Strength and Fragility

Shiit, no sooner after I completed my last post did I face yet another unexpected turnaround. Remy had a second episode tonight at 9:30pm. I happened to be on the phone with Bubbey: she came into the office and abruptly left. The behavior was a bit odd, so I followed her down the hallway and into the bedroom. She settled awkwardly and uncomfortably into her usual spot on my plush, pink bathrobe, and then seconds later, she was on her side wailing again. I immediately got off the phone and started videoing the occurrence. After seeing this happen like ten times, I finally have the smarts to capture as much as I can on video for the vet.

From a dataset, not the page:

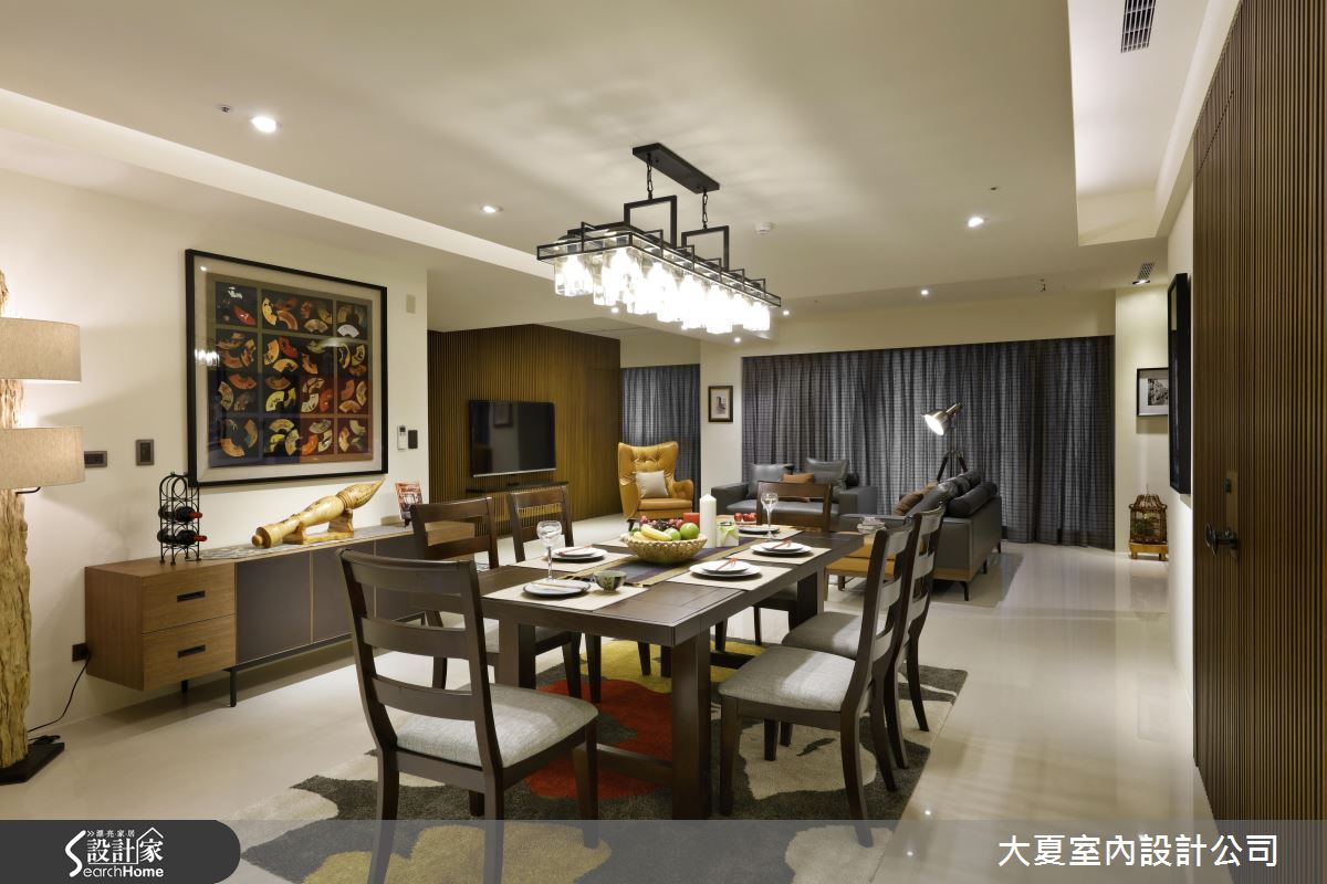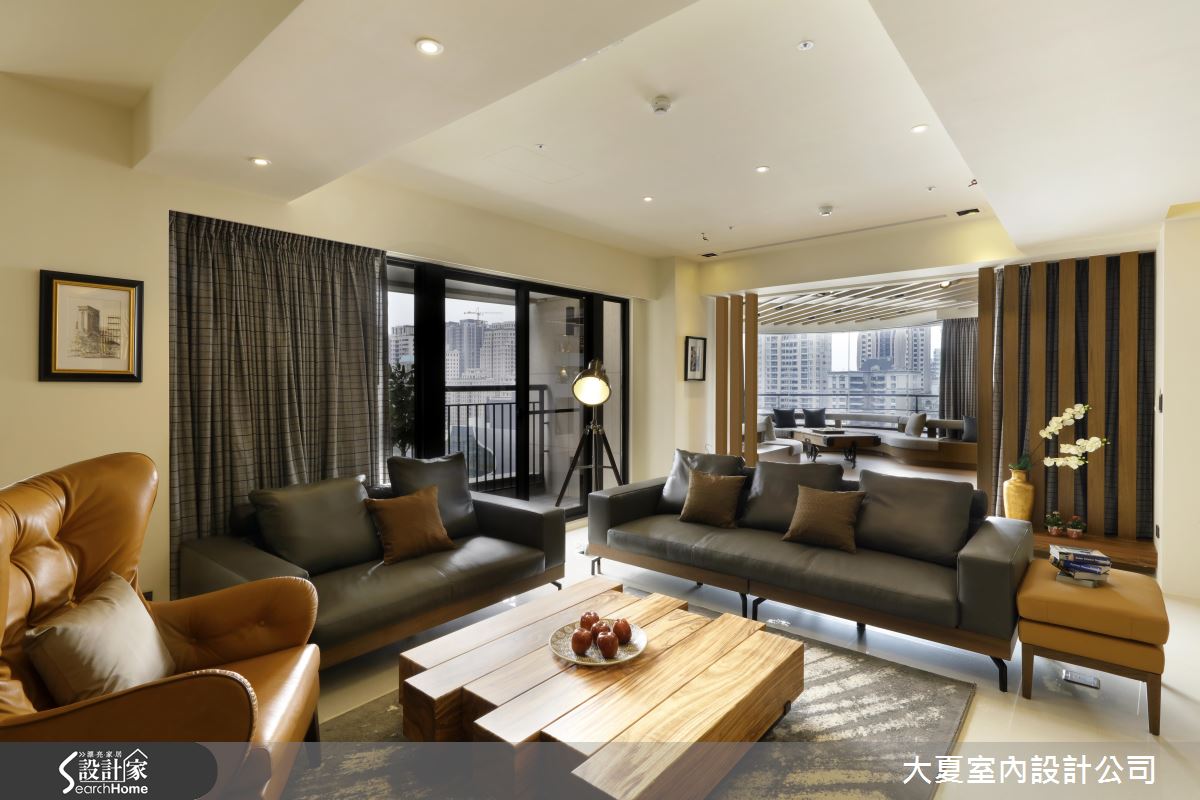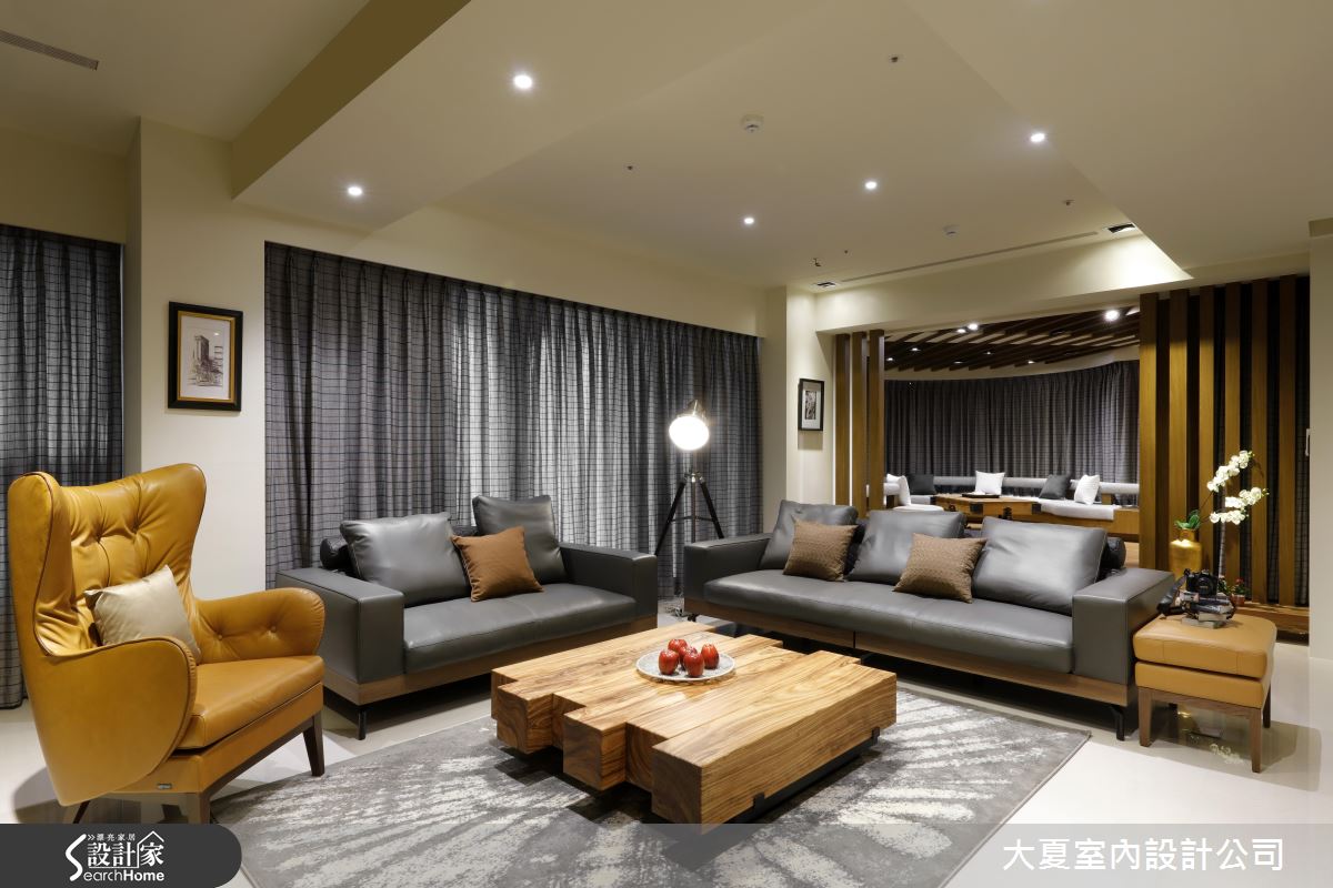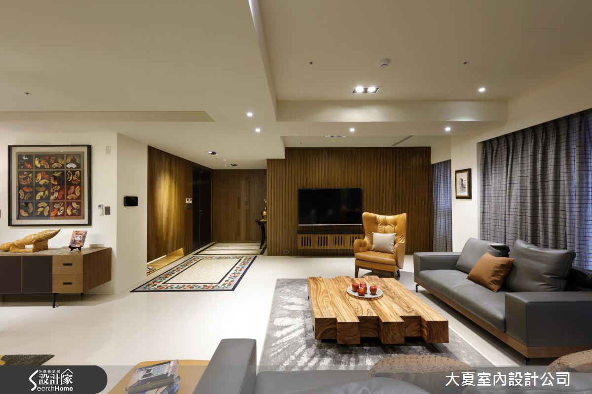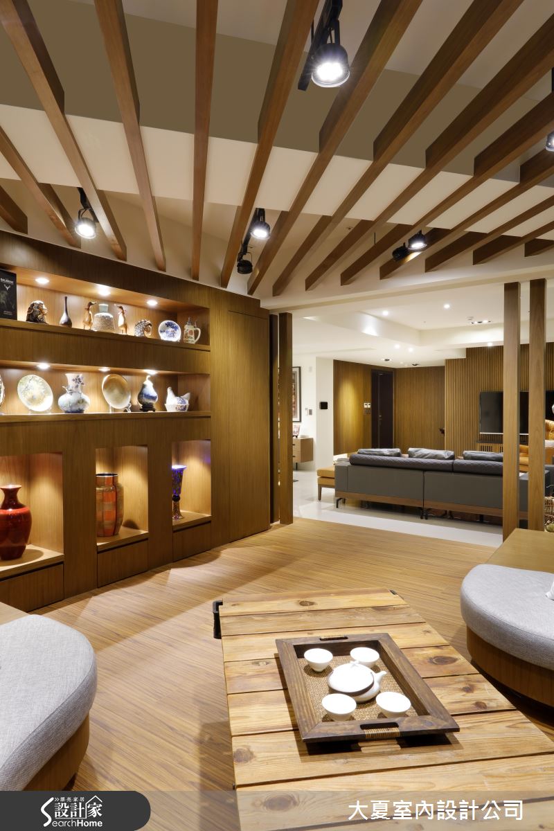 為了收攬美好戶外景色,設計師沿著窗邊規劃令人放鬆的獨立段落,運用圓弧造型的延伸,結合臥榻沙發配置,無形中柔化了界域關係,並拓大了空間感受,天花上方則藉由格柵輕帶,不僅順勢瓦解大樑壓迫的窘境,也形成步入主客廳的視線導引,一旁則規劃整面木質展示牆,佐以高級藝品陳設及燈光烘托,兼具風格營造與實用機能;客餐廳呈現開放規劃,坐擁安穩的大器質量,於電視牆、玄關等處鋪敘木質線條語彙,豐富且具有秩序之美,再透過軟件家具的鋪排,將現代語彙與日式禪韻完美結合,詮釋大宅的沉靜優雅!

Remy’s never had this happen in such close intervals. Wth?? John called back, and I just started crying. Goddammit, why is this happening? I thought I was ok with the generic explanation that this is just what happens with old age, but that’s not enough! What has changed in her day-to-day? Why now, after a month and a half-long respite? Ugh!!!

I can’t sleep now. Tonight, I lie awake wondering whether I still believe that quote, “It’s better to have loved and lost than to have never loved at all.” Really?? Is it better? If this pain now is any indication of the pain that will ultimately come, I… I don’t know what I’ll do. I used to think that as people and animals age, it’ll be easier to let them go, because they’ll have lived a full life. But tonight, I’m wondering if it’ll actually be harder because after all the years, the bond is fucking strong. Even focusing on the good life and the treasured history, the loss will hurt a ton.

No, I’m not going down that path of catastrophic thinking right now… I know Remy is still kicking, and I am grateful for yet another day. But I won’t deny the little bit of foreshadowing here. Hours ago, I felt strong and ready. Now, a bit less so. Yes, tomorrow is a new opportunity to tweak some things. I hope Remy will feel better.